5 JNU students, accused of raising anti-national slogans, surface on campus

NEW DELHI:  A late-night standoff unfolded in Delhi’s prestigious Jawaharlal Nehru University on Monday as around six students, accused of sedition and missing for days, surfaced on the campus.

Police who hope to arrest the students were denied entry and said they were unwilling to force their way in.

Five students, who were on the run from the Jawaharlal Nehru University campus since February 12 including Umar Khalid, are now back. Ashutosh, Anant Prakash Narayan, Rama Naga, Anirban Bhattacharya and Umar Khalid are now back on the campus and among the student protesters at the administrative block.

Among the students who were back was Umar Khalid – described as the chief organiser of a controversial event on February 9 in support of executed Parliament attack convict Afzal Guru, during which anti-India slogans were raised.
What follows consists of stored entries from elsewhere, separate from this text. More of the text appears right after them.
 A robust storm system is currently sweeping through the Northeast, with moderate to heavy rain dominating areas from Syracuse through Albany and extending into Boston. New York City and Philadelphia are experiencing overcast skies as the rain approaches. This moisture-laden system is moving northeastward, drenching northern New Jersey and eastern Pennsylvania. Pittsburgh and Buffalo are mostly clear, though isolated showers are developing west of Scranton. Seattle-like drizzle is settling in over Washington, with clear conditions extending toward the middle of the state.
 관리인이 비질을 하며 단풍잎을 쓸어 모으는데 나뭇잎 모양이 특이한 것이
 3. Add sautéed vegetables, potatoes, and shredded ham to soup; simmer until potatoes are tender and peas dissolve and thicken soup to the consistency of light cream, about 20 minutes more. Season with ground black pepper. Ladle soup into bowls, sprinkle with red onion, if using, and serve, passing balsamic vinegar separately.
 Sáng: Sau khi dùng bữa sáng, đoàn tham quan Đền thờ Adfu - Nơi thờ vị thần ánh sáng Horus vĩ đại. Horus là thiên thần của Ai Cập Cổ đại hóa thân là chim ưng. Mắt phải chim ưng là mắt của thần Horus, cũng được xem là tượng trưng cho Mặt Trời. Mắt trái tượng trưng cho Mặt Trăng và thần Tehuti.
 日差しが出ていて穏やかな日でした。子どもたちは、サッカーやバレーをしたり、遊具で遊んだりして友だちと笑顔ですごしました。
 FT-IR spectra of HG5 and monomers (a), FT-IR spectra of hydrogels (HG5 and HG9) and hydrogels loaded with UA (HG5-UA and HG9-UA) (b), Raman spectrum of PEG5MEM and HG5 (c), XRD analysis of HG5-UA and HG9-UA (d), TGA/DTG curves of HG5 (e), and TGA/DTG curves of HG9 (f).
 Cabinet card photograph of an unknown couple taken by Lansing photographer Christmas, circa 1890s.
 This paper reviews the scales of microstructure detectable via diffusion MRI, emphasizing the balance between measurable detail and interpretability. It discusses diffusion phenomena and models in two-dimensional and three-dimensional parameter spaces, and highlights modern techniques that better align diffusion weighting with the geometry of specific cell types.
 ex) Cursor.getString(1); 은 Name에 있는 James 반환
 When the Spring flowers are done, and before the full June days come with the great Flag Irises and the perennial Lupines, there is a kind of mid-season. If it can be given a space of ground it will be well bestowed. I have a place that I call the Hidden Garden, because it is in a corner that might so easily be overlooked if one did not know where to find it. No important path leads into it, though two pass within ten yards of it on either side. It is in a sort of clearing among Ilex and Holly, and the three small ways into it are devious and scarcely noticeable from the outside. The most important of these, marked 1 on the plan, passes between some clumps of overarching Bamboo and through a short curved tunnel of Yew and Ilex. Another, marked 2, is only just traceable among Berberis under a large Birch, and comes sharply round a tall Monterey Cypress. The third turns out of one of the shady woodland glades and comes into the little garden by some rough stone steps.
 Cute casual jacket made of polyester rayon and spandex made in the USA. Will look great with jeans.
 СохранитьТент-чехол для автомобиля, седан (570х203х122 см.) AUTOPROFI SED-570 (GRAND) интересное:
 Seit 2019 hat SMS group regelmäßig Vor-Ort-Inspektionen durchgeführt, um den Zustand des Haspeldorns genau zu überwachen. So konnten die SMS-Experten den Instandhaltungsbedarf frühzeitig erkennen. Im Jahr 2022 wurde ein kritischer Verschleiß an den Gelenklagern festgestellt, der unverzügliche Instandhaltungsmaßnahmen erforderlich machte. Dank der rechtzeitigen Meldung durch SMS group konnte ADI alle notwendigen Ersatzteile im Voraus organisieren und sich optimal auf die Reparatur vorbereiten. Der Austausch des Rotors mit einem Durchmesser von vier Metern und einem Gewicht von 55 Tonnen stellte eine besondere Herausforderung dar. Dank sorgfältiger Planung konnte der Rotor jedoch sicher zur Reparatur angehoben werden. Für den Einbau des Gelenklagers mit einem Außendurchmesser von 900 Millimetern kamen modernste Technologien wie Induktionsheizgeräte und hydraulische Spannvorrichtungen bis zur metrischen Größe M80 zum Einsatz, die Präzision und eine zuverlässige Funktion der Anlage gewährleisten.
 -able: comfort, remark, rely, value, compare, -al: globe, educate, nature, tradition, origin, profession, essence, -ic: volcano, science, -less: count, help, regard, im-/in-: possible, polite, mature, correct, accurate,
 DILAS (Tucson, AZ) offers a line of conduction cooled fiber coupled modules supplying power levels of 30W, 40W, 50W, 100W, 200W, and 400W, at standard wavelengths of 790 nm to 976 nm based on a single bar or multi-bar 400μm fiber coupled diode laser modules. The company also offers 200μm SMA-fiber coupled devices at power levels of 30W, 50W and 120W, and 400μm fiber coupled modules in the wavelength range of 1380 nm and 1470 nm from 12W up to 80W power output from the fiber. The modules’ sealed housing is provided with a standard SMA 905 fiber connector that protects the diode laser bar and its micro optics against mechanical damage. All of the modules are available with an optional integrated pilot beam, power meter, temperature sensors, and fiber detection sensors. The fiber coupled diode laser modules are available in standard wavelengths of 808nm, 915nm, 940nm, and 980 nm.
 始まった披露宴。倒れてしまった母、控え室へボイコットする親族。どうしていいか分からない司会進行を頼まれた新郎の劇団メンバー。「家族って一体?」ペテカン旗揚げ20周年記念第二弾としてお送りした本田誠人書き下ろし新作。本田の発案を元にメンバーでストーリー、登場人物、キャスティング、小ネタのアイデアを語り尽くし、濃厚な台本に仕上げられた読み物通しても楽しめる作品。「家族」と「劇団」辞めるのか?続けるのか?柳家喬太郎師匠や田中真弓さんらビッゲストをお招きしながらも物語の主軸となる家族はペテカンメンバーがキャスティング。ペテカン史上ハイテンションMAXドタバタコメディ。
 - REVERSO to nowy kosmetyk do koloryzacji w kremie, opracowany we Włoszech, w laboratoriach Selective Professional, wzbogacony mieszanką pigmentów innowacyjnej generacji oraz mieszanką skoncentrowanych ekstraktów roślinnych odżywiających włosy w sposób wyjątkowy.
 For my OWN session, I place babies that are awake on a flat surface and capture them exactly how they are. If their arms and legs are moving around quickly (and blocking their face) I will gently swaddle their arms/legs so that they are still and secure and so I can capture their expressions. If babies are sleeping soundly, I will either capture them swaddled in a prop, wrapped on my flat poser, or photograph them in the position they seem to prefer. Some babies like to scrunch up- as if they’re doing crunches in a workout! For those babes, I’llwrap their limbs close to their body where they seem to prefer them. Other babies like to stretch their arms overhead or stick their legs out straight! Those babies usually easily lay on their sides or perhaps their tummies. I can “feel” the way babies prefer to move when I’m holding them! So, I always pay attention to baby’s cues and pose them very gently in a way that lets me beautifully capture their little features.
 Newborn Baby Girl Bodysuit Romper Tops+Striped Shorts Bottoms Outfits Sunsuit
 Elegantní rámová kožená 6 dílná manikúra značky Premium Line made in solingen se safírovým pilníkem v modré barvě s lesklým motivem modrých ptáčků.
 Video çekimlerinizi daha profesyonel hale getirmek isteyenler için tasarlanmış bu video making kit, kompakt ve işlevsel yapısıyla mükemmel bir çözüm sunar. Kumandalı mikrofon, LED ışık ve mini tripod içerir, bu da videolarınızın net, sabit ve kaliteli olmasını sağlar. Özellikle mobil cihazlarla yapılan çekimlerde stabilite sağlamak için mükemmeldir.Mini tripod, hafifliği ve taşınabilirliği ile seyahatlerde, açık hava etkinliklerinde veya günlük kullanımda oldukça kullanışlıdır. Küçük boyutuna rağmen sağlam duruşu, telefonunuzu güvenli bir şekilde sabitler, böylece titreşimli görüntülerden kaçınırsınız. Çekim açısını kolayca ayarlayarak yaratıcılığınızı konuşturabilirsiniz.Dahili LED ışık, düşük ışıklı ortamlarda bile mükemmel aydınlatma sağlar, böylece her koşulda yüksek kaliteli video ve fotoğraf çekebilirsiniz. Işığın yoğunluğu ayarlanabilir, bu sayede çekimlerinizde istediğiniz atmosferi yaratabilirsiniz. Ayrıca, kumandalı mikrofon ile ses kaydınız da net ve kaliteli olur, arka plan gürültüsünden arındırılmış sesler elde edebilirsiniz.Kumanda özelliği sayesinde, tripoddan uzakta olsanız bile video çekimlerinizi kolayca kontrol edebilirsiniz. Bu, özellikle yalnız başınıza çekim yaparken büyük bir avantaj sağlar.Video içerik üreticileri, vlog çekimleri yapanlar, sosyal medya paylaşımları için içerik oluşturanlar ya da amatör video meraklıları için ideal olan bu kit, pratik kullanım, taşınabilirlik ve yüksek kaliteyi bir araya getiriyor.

Addressing the protesting students, Mr Khalid said the charges against him were ridiculous and he has no links with any terrorist organisation.

“Comments against my sister on social media have angered me. I am disturbed by th way I have been attacked,” he said addressing the students.

“We were afraid there would be mob attack and the police were going from room to room to check. The media trial — targetting us and branding us as ‘anti-nationals’ and terrorists — was also worrying us,” Ashustosh said. Narayan, a former JNUSU vice-president and Rama Naga, the present general secretary, are also from AISA. Bhattacharya and Khalid are former members of Democratic Students’ Union.

Ashutosh said the students were in Delhi itself and that the decision to return on Sunday evening had been taken individually and not collectively. “We didn’t do anything wrong but were been framed using doctored video. When we saw people rising up in our support, thousands of students marching for us, we got the strength to return,” he said.

Their return doesn’t change much where the university’s position is concerned. The five remain suspended. Ashutosh intends to join the andolan — the campaign to restore to JNU the space for “students to speak their mind, express opinions and dissent.” “That has been completely crushed. We are innocent students who wanted to express our views. The administration allowed the police in without resistance; the police have been working as RSS agents. We have to expand and step up our fight.”

The committee the university has established to inquire into the February 9 incident is a problem. “It has to be broadened. There are no women, no-one from the SC-ST or OBC castes. I am an OBC, Rama and Anant are both SC students. How can we depose before such a committee?”